- Directed by: S. S. Mahendar
- Written by: Anil Kumar (dialogue)
- Screenplay by: Ajay Kumar
- Story by: Ajay Kumar
- Starring: Malashri
- Cinematography: M Selvam
- Edited by: K M Prakash
- Music by: Emil Mohammed
- Release date: 24 April 2015;
- Country: India
- Language: Kannada

= Mahakali (film) =

Mahakali is a 2015 Indian Kannada-language action drama film directed by S. S. Mahendar and starring Malashri. Dilip Prakash made his debut with this film.

== Cast ==
- Malashri as Devi
- Srinivasa Murthy
- Saurav Lokesh
- Dilip Prakash as Preetham
- Pooja as Asha
- Mico Nagaraj as Nagappa
- Padmini Prakash
- Premalatha

== Soundtrack ==
The music was composed by Emil Mohammed and released under the Anand Audio label.

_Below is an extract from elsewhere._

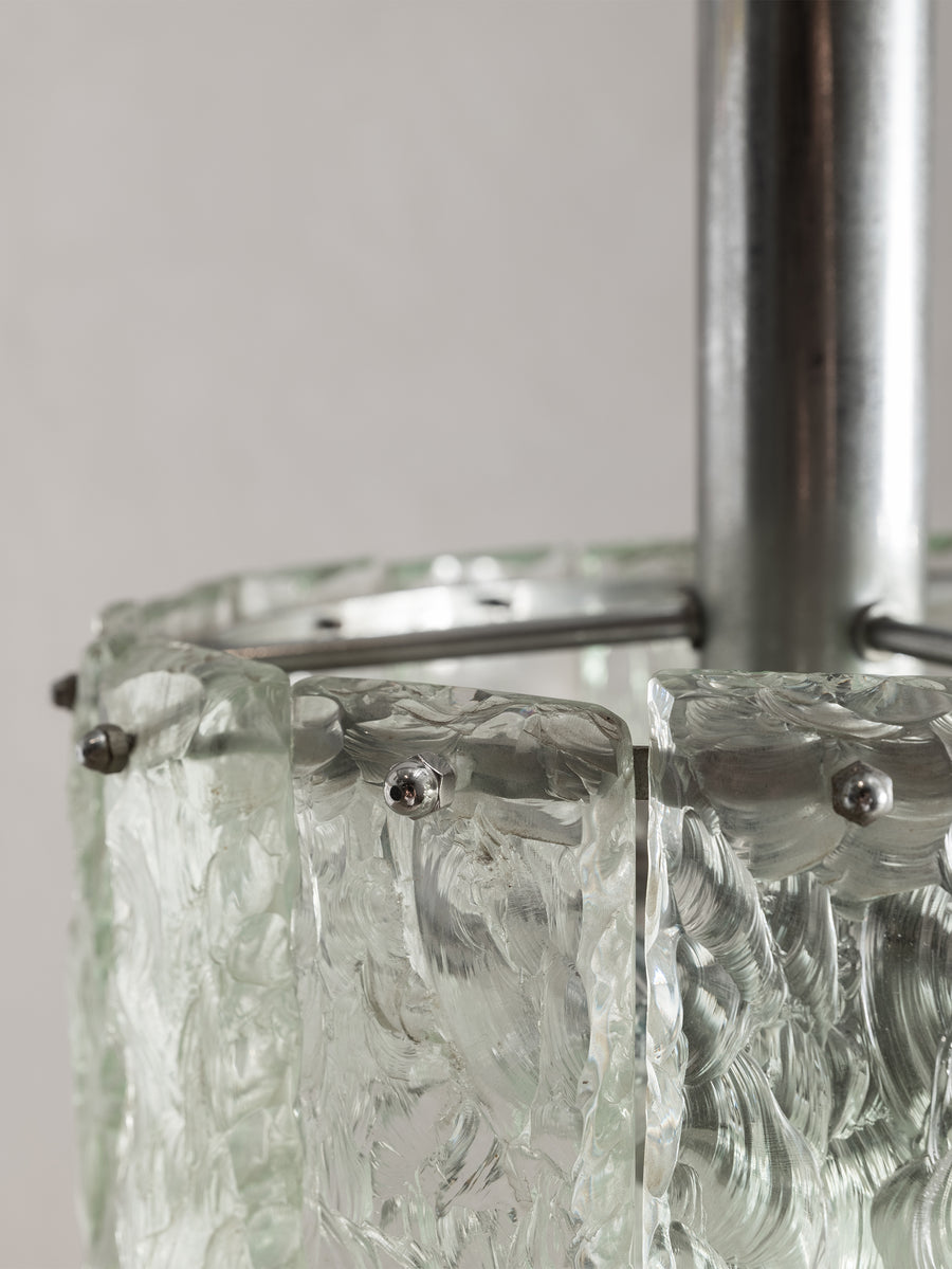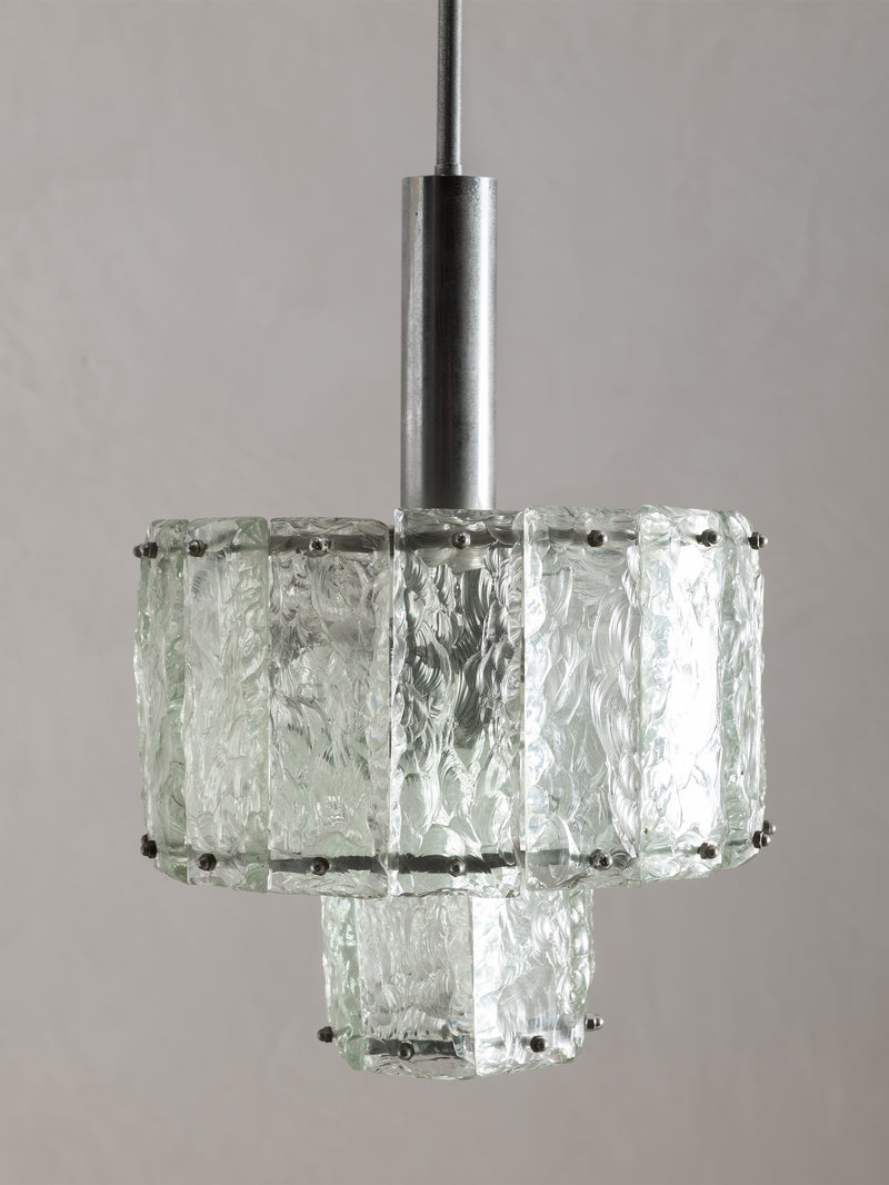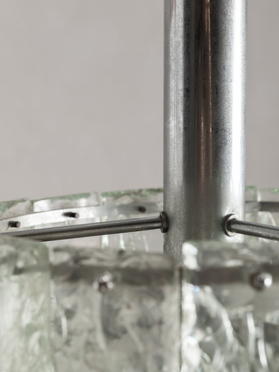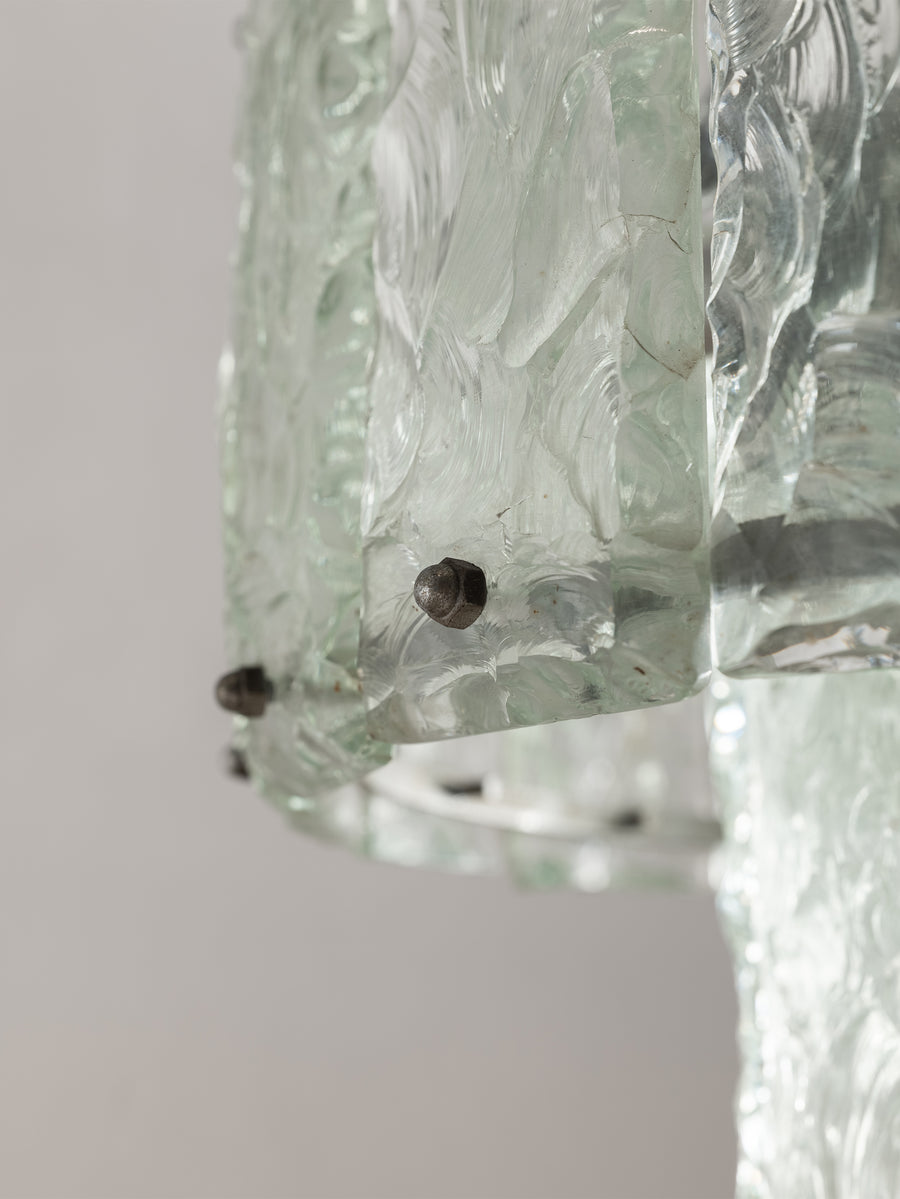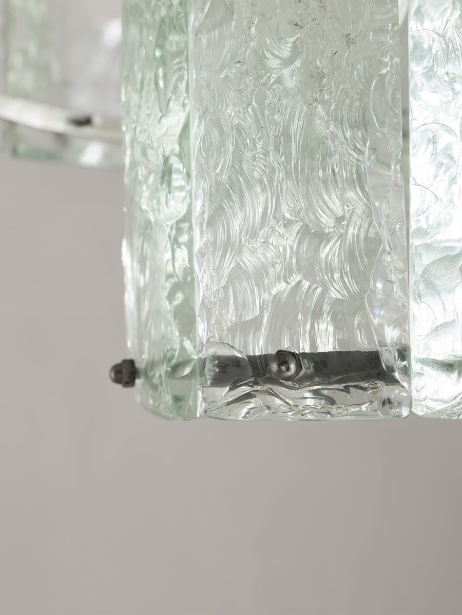 An elegant expression of Italian lighting design, this chandelier pendant features a nickel-brass frame with a tiered arrangement of hand-hammered glass panels. The shade is composed of two concentric sequences—an inner tier of smaller glass pieces, and a larger outer tier that diffuses light with textured clarity.

| No. | Title | Singer(s) | Length |
|---|---|---|---|
| 1. | "Le Le Navilu Garile" | Ranjith, Emil, Yaasin | 4:13 |
| 2. | "Kaali Mahakaali" | A. L. Rufiyan | 3:41 |
| 3. | "Naguva Naguva Mallige" | M. G. Sreekumar, Sangeetha | 4:22 |
| 4. | "Ontiya Hudignaa" | A. R. Reihana | 4:13 |
| Total length: |  |  | 16:29 |

== Reception ==
A critic from The Times of India wrote that "A complete Malashree film and that's all there is to it". A critic from Deccan Herald wrote that "Well, if you are fed on the exploits of Malashri, Mahakali is your best bet, with our girl going hammer and tongs at men, trying to right their misdeeds". A critic from Bangalore Mirror wrote that "Despite the presence of a veteran like Mahendar and Malashree, the film looks like an unprofessional product". A critic from The Hindu wrote that "Camera work comprised jarring shots that attempt to highlight the iconic status of Malashree. Comedy scenes reduce women to mere objects of desire, often negating the spirit of women’s empowerment that the rest of the film stands for".